===== MATERIAL PROVIDED =====
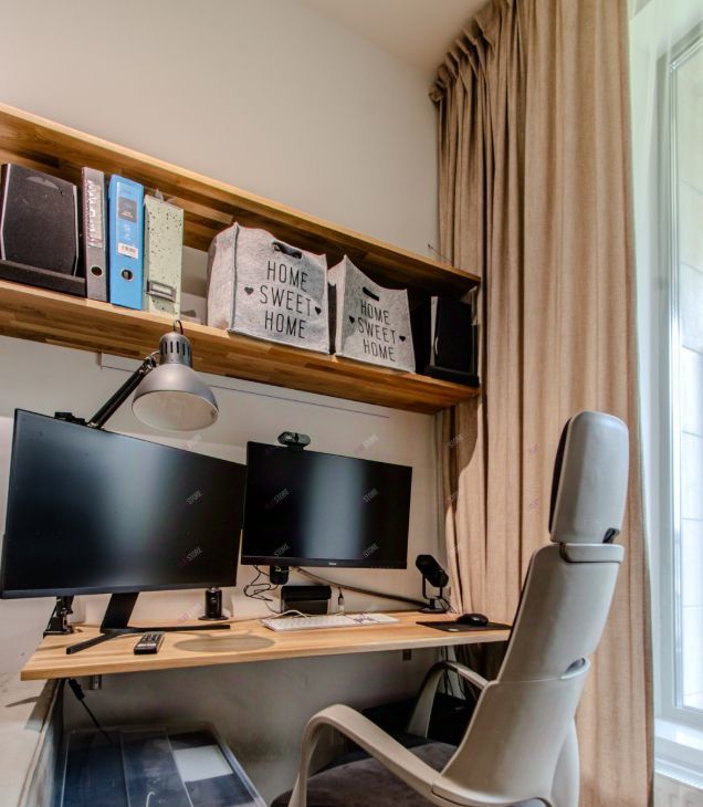 Интерьер оснащен необходимой мебелью и системами хранения, техникой.
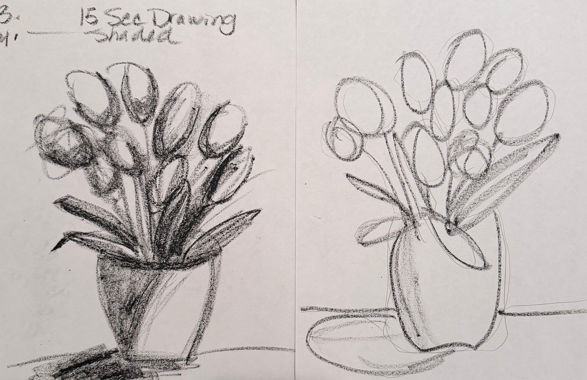 Celebrate, creativity, connection, and color just in time for Valentine’s Day in this immersive acrylic painting class focused on bold, textured tulips, and expressive painting techniques. We’ll begin the class with a series of loose, pressure – free drawings designed to warm up the hand and loosen the drawing process. Through continuous – line drawing and a quick 15–second gesture sketch, you’ll learn to observe tulips as flowing forms filled with movement, rhythm, and energy. From there, we’ll explore, adding shadows and depth, preparing your sketch or a dynamic transition into paint.
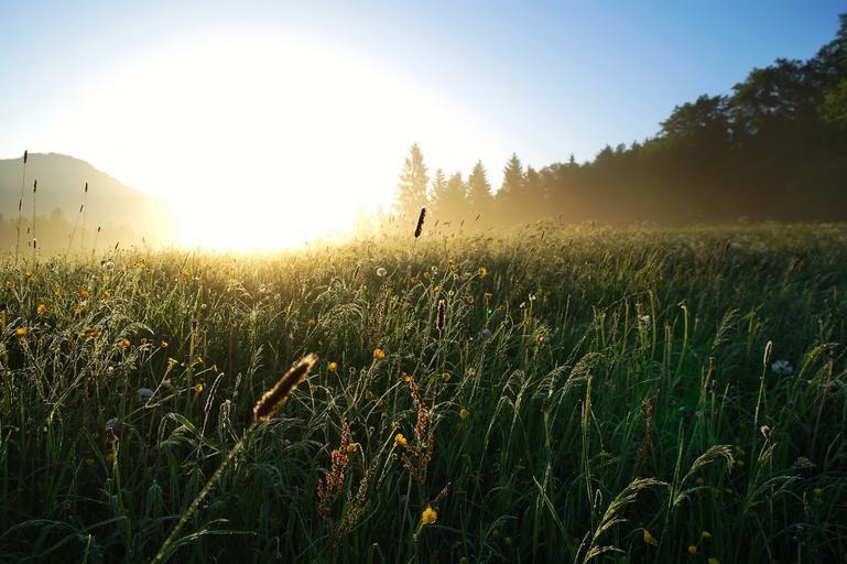 Keywords: sunrise meadow sun morning sky forest flowers landscape nature back light morgenstimmung gold atmospheric morning light skies atmosphere mood heat light grasses dew sunshine spring bright lichtspiel beauty color colorful frisch
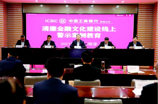 工商银行菏泽分行充分发挥“‘菏’您同行‘泽’力奋进”新时代菏泽工行精神,唱响时代主旋律,凝聚思想共识,将新时代菏泽工行精神中蕴含的不畏艰难、勇攀高峰的廉洁元素,有机融入廉政建设,通过组织开展深化金融反腐、正风反腐就在身边、清廉金融文化线上案例教育、《失守的青春》等警示教育,深入宣传廉洁文化精神内涵在新时代的教育意义,启迪党员干部从新时代菏泽工行精神中汲取精神力量,厚植清正至上、行稳致远的文化土壤,有力推进“菏风泽韵·清廉工行”廉洁文化品牌建设,让廉洁成为一种潮流、一种风习、一种精神追求,营造了风清气正的政治生态。
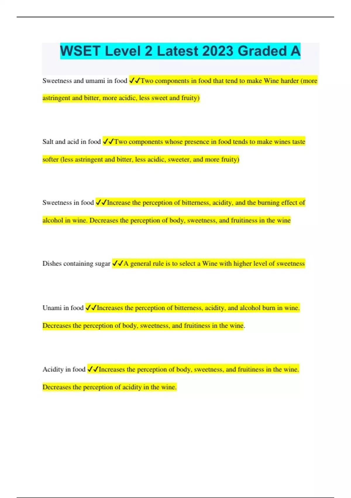WSET Level 2 Latest 2023 Graded A
=====
EXERCISE DETAILS:
From the line containing "Keywords: sunrise meadow" to the last line of the records above, return each line exactly, both ends included, and nothing more. Leave out the pictures.

ANSWER SECTION:
 Keywords: sunrise meadow sun morning sky forest flowers landscape nature back light morgenstimmung gold atmospheric morning light skies atmosphere mood heat light grasses dew sunshine spring bright lichtspiel beauty color colorful frisch
 工商银行菏泽分行充分发挥“‘菏’您同行‘泽’力奋进”新时代菏泽工行精神,唱响时代主旋律,凝聚思想共识,将新时代菏泽工行精神中蕴含的不畏艰难、勇攀高峰的廉洁元素,有机融入廉政建设,通过组织开展深化金融反腐、正风反腐就在身边、清廉金融文化线上案例教育、《失守的青春》等警示教育,深入宣传廉洁文化精神内涵在新时代的教育意义,启迪党员干部从新时代菏泽工行精神中汲取精神力量,厚植清正至上、行稳致远的文化土壤,有力推进“菏风泽韵·清廉工行”廉洁文化品牌建设,让廉洁成为一种潮流、一种风习、一种精神追求,营造了风清气正的政治生态。
WSET Level 2 Latest 2023 Graded A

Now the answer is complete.